Scenario: I have a dataframe with multiple columns. Four of them (A_Id, FF_Id, Date and Output) are relevant.
Objective: I am trying to extract these columns and create a dataframe with the format Index=A_Id, Columns=F_Id, and the values come from the column Output. Whenever there are two or more values of a given combination of A and F, use the column Date to select the latest available.
Data Sample: Each given A_Id entry has a value in combination with each F_Id entry. a given combination can have 2 or more results with different dates . There are 10 unique F_Id, 7000 A_Id. Here is a subset
FId Date Output AId
628 2020/12/31 Yes 1
629 2020/12/31 No 1
080 2020/12/31 No 1
081 2020/12/31 No 1
628 2020/12/31 Yes 2
629 2020/12/31 No 2
080 2020/12/31 No 2
081 2020/12/31 No 2
628 2021/12/31 Yes 3
629 2021/12/31 Yes 3
080 2021/12/31 No 3
081 2021/12/31 No 3
628 2020/12/31 Yes 14
629 2020/12/31 No 14
080 2020/12/31 No 14
081 2020/12/31 No 14
628 2021/12/31 Yes 14
629 2021/12/31 No 14
080 2021/12/31 No 14
081 2021/12/31 No 14
628 2020/12/31 Yes 15
629 2020/12/31 No 15
080 2020/12/31 No 15
081 2020/12/31 Yes 15
Desired ouptut: A Matrix using A_ID as the index and F_Id as columns. Either in one dataframe with 2d, where the first dimension has Output and the Second has the Dates:
4628 4629 5080 5081 4628 4629 5080 5081
1 Yes No No No 2020/12/31 2020/12/31 2020/12/31 2020/12/31
2 Yes No No No 2020/12/31 2020/12/31 2020/12/31 2020/12/31
3 Yes Yes No No 2021/12/31 2021/12/31 2021/12/31 2021/12/31
14 Yes No No No 2021/12/31 2021/12/31 2021/12/31 2021/12/31
15 Yes No No Yes 2020/12/31 2020/12/31 2020/12/31 2020/12/31
or two different dataframes, of the same size, one with Output and the other with Dates:
4628 4629 5080 5081
1 Yes No No No
2 Yes No No No
3 Yes Yes No No
14 Yes No No No
15 Yes No No Yes
4628 4629 5080 5081
1 2020/12/31 2020/12/31 2020/12/31 2020/12/31
2 2020/12/31 2020/12/31 2020/12/31 2020/12/31
3 2021/12/31 2021/12/31 2021/12/31 2021/12/31
14 2021/12/31 2021/12/31 2021/12/31 2021/12/31
15 2020/12/31 2020/12/31 2020/12/31 2020/12/31
Obs: There are cases like A_Id 14, where the Outputs are available for two dates. In this case, I am trying to select the Output value for the latest available date, and that date for reference.

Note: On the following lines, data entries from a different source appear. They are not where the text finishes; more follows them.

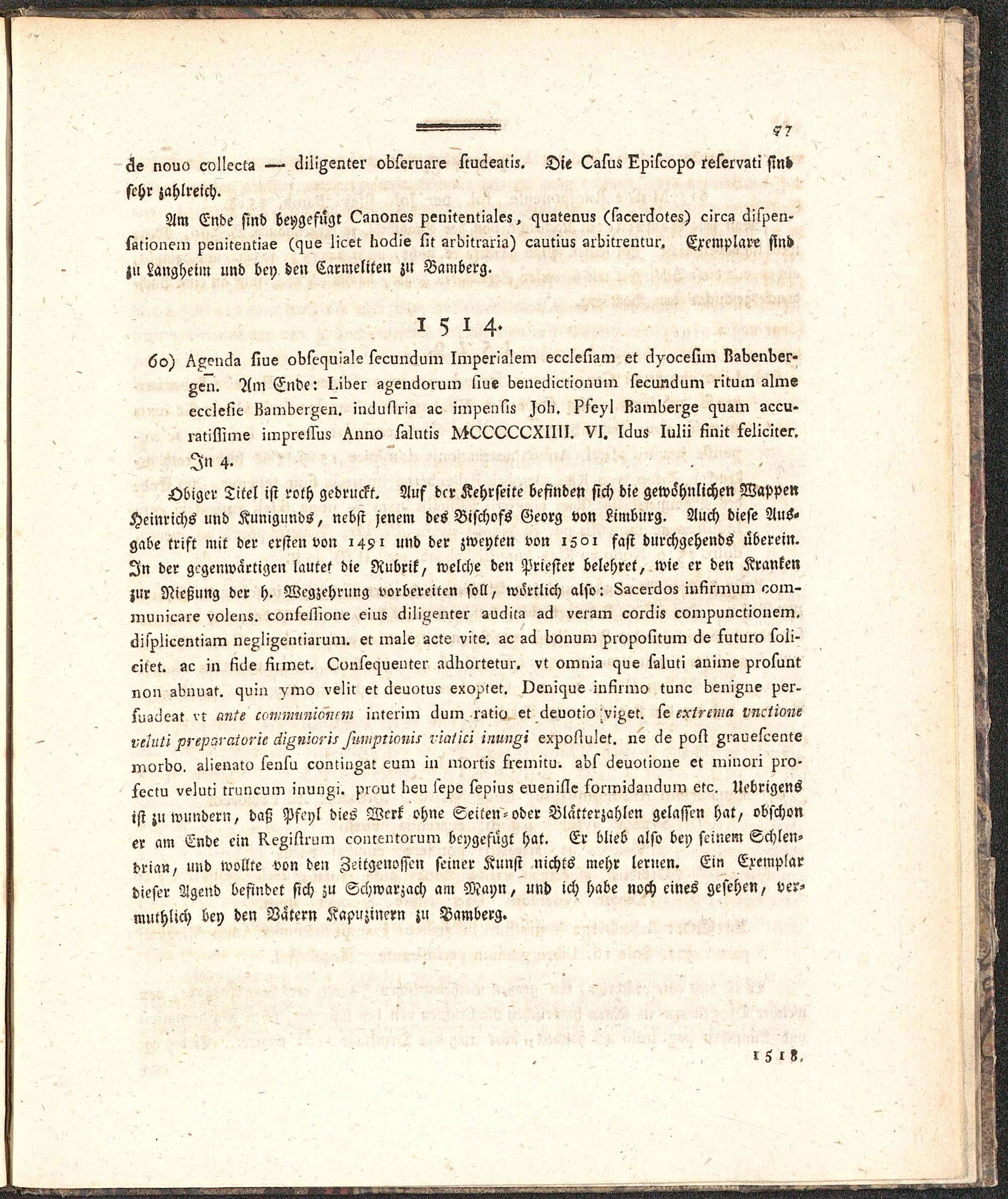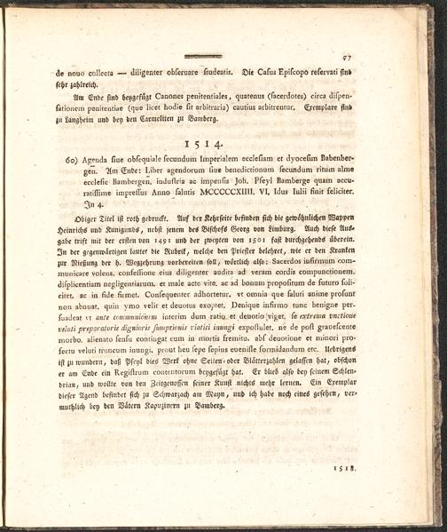 Aelteste Buchdruckergeschichte von Bamberg : wo diese Kunst neben Mainz, von allen übrigen Städten Deutschlands zuerst getrieben worden ; aus der Dunkelheit hervorgezogen und bis 1534 fortgeführt, auch mit ein Paar Abhandlungen versehen / von P. Placidus Sprenger, Benediktiner und Bibliothekar der Abtey Banz
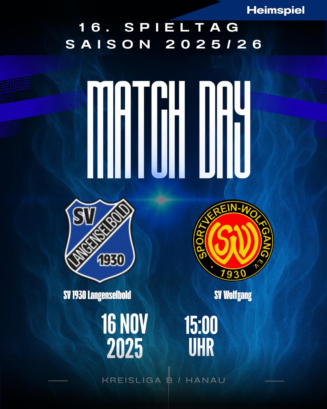 💙🤍 Heimspiel-Sonntag beim SV 1930 Langenselbold! 🤍💙 Am Sonntag, 16. November 2026, erwarten euch gleich zwei Heimspiele unserer Blau-Weißen! Kommt vorbei und genießt einen tollen Fußballtag! ⚽🔥 ⸻ 🕐 13:00 Uhr – SV 1930 Langenselbold II 👉 SV 1930 Langenselbold II vs. 1. FC Mittelbuchen II Unsere Zweite will zuhause alles geben – mit eurer Unterstützung geht da was! 💪💙 ⸻ 🕒 15:00 Uhr – SV 1930 Langenselbold I 👉 SV 1930 Langenselbold vs. SV Wolfgang Es erwartet euch ein spannendes Spiel – für unsere Jungs steht Spaß, Spannung und echtes Teamgefühl im Vordergrund. 🤍⚽ ⸻ 🍺🥨 Für euer Wohl ist gesorgt – kommt vorbei, feuert an und macht den Sonntag blau-weiß!
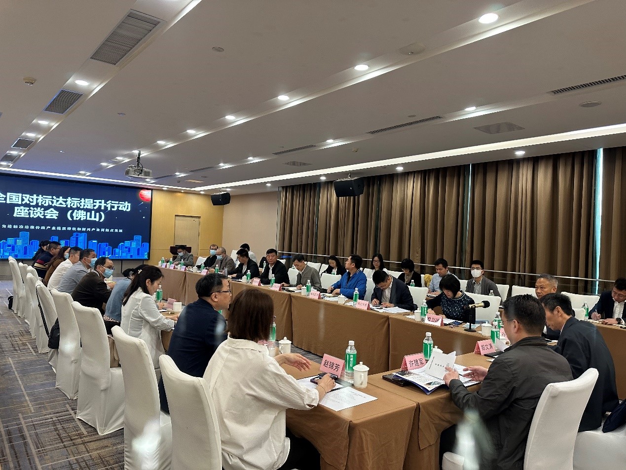 座談會上,對標達標專項辦介紹了工作開展情況以及對標達標升級試點工作情況,佛山市監督管理局匯報了佛山市對標達標工作推進情況并提出了意見和建議。佛山市各區市場監督管理部門、技術機構、行業協會、企業代表各單位結合自身工作特點,交流研討了當前參與對標達標工作遇到的難點及問題,并就佛山市持續深入開展對標達標工作提出了針對性的意見建議。

What I tried 1: First I tried passing the Output and Date columns into the pivot_table function.:
# source df is read from the raw data on an excel spreadsheet
list_aid =[source['A_Id']]
list_fid = [source['F_Id']]
list_answer = [source['Output']]
testdf33 = source[['AgentId','FactorId','Answer','Date']].pivot_table(values=['Answer','Date'],
index='AgentId',
columns='FactorId',
aggfunc={'Answer': lambda x: ' '.join(x), 'Date': lambda x: ' '.join(x)})

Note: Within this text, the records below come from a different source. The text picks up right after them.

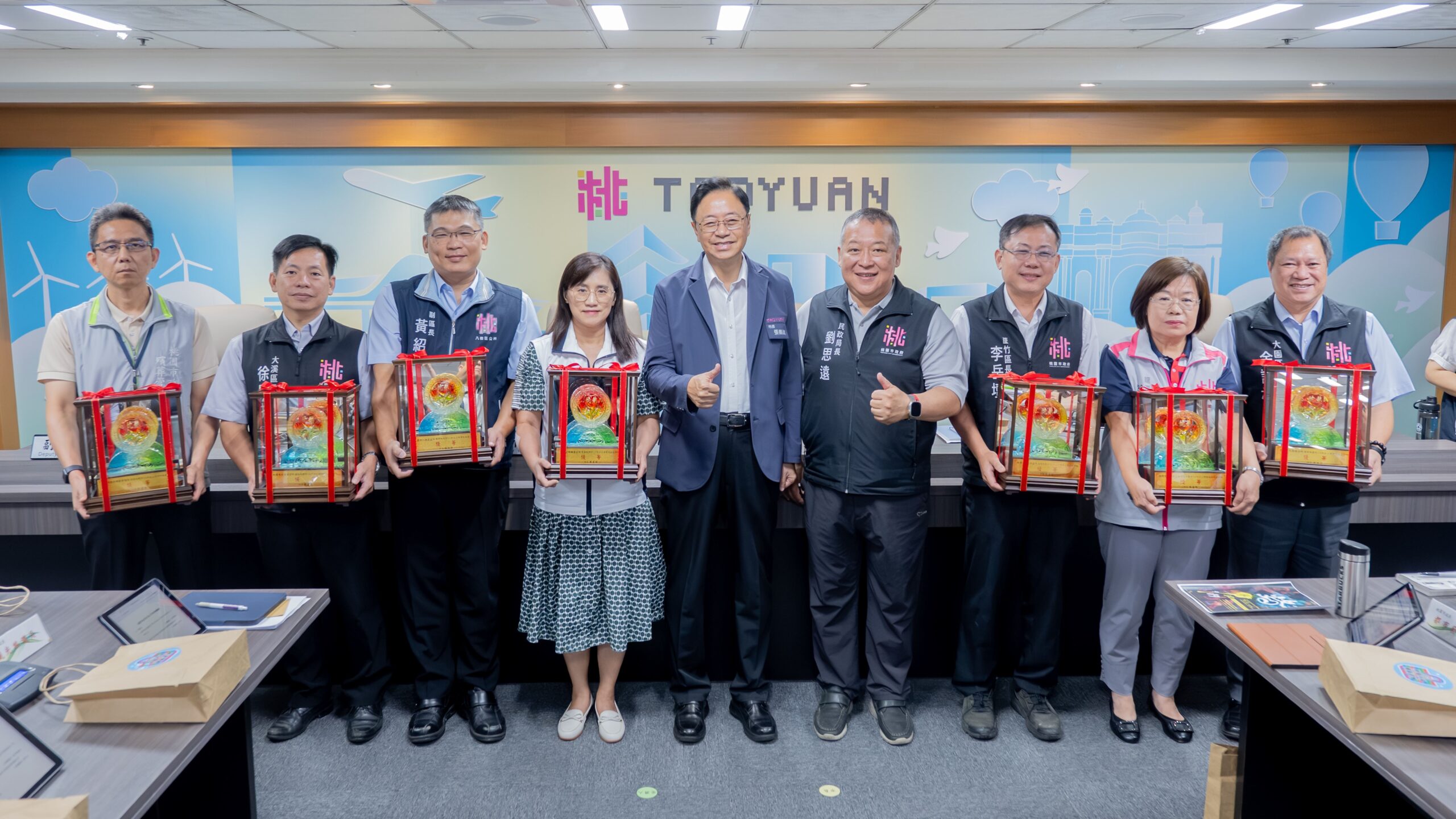 桃園市長張善政(10)日上午主持市政會議,頒發「桃園市114年公立殯葬設施查核評鑑優等」獎牌予績優公所及市府殯葬管理所時表示,殯葬服務工作繁雜,感謝各區公所與殯葬管理所投入心力與熱情,提升各項設施服務品質,打造更溫馨、現代化的友善殯葬服務環境。
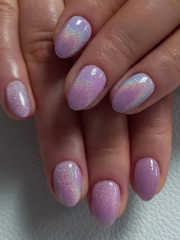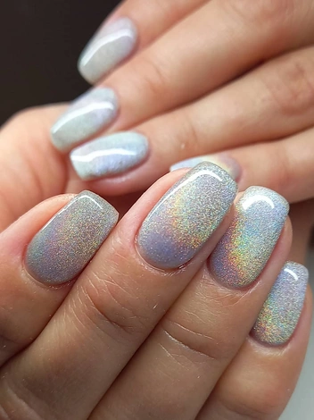 Гель-лак с эффектом призмы появился относительно недавно и начал пользоваться огромной популярностью. Его также называют «радужный кошачий глаз». Особенностью этой вариации является радужный блик: как призма раскладывает свет в спектр, так и металлические частички этого лака по-разному отражают свет, образуя радугу на поверхности ногтя.
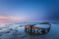 Bij laag water zie je dit scheepswrak bij het Friese dorp Wierum voor de kust liggen. Vervolgens moet je een eindje wadlopen om het wrak goed op de foto te kunnen zetten. Uiteraard zijn de lichtomstandigheden het belangrijkste bij het maken van goede landschapsfoto's. Deze foto is gemaakt met een canon 5D Mark II, een Canon 17-40 mm L groothoelens, Lee grijsgradatiefilter en een goed statief vlak na zonsondergang tijdens het blauwe uurtje.
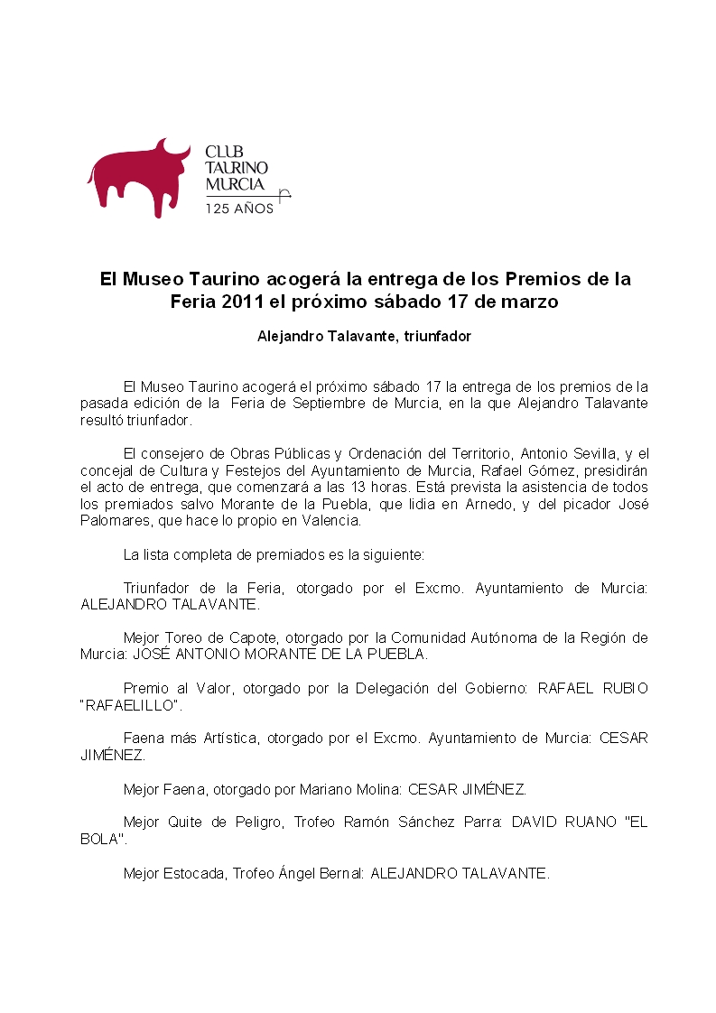 El Museo Taurino acogerá la entrega de los Premios de la Feria 2011 el próximo sábado 17 de marzo

Issue 1: When running this, there is the error, because I am passing a Datestime whereas the function was expecting a string.
TypeError: sequence item 0: expected str instance, Timestamp found
What I tried 2: I forcibly changed the data in the Datecolumn into str format:
testdf11 = source[['AgentId','FactorId','Answer','Date']]

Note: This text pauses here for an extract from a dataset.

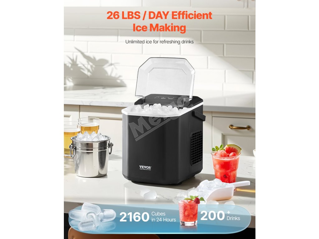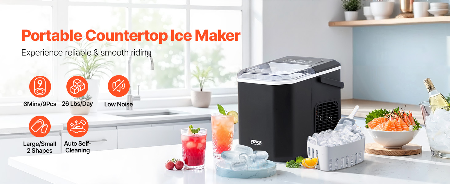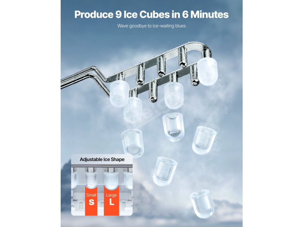 Stolový výrobník ľadu 9 kostiek za 6 min, 26 lbs/24 h, prenosný
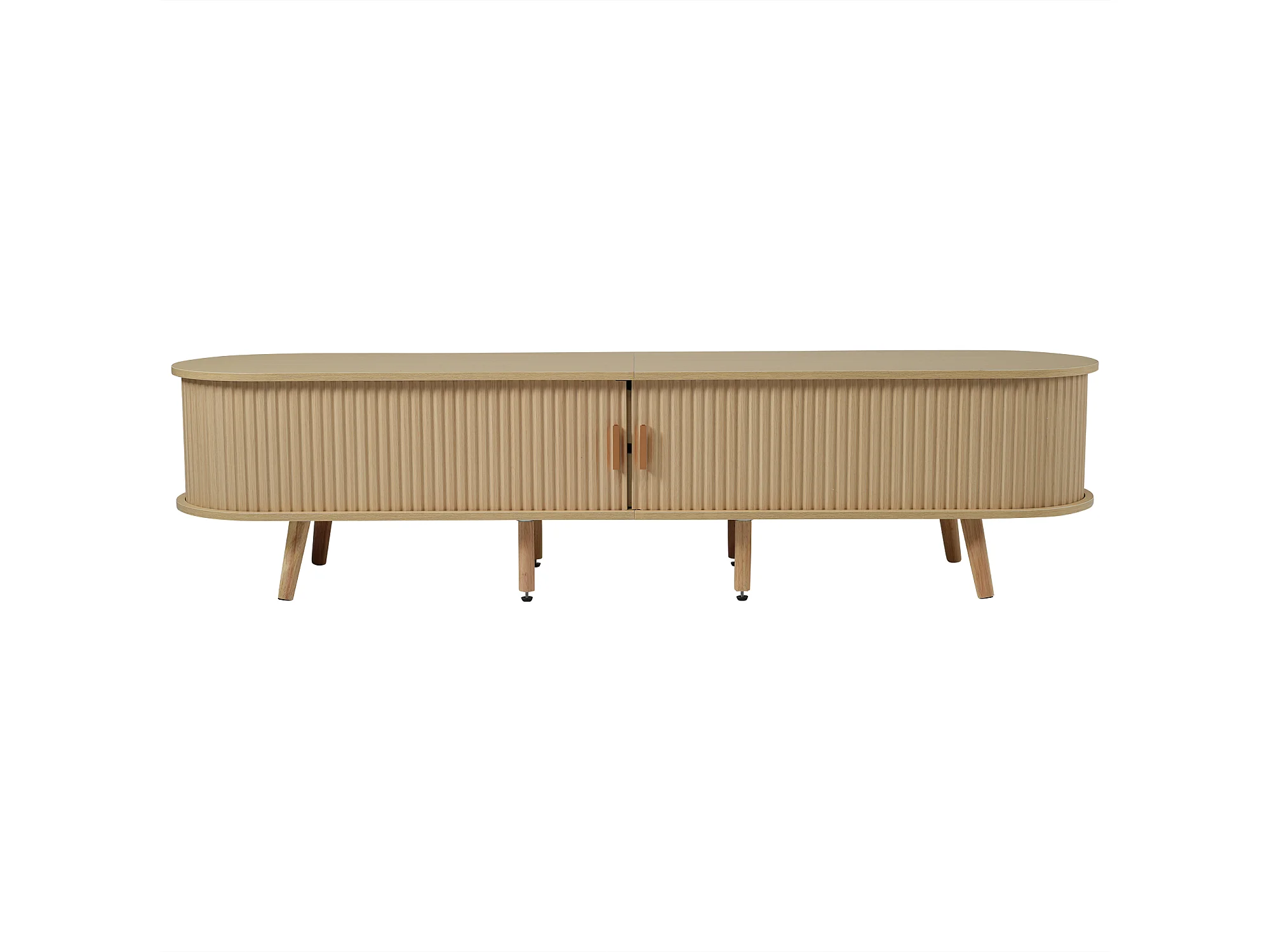 Meuble tv 175x40x42cm salon avec 2 tiroirs et rangement ouvert - plateau ovale mdf - chêne

testdf11['Date'] = testdf11['Date'].astype(str)
testdf33 = testdf11.pivot_table(values=['Answer','Date'],
index='AgentId',columns='FactorId',
aggfunc={'Answer': lambda x: ' '.join(x),
'Date': lambda x: ' '.join(x)})
Obs2: This gives me all the data aggregated, but I only need the latest output/dates, not an aggregation of whatever is available.
Question: How can I output only the Output/Date combination for the latest available date?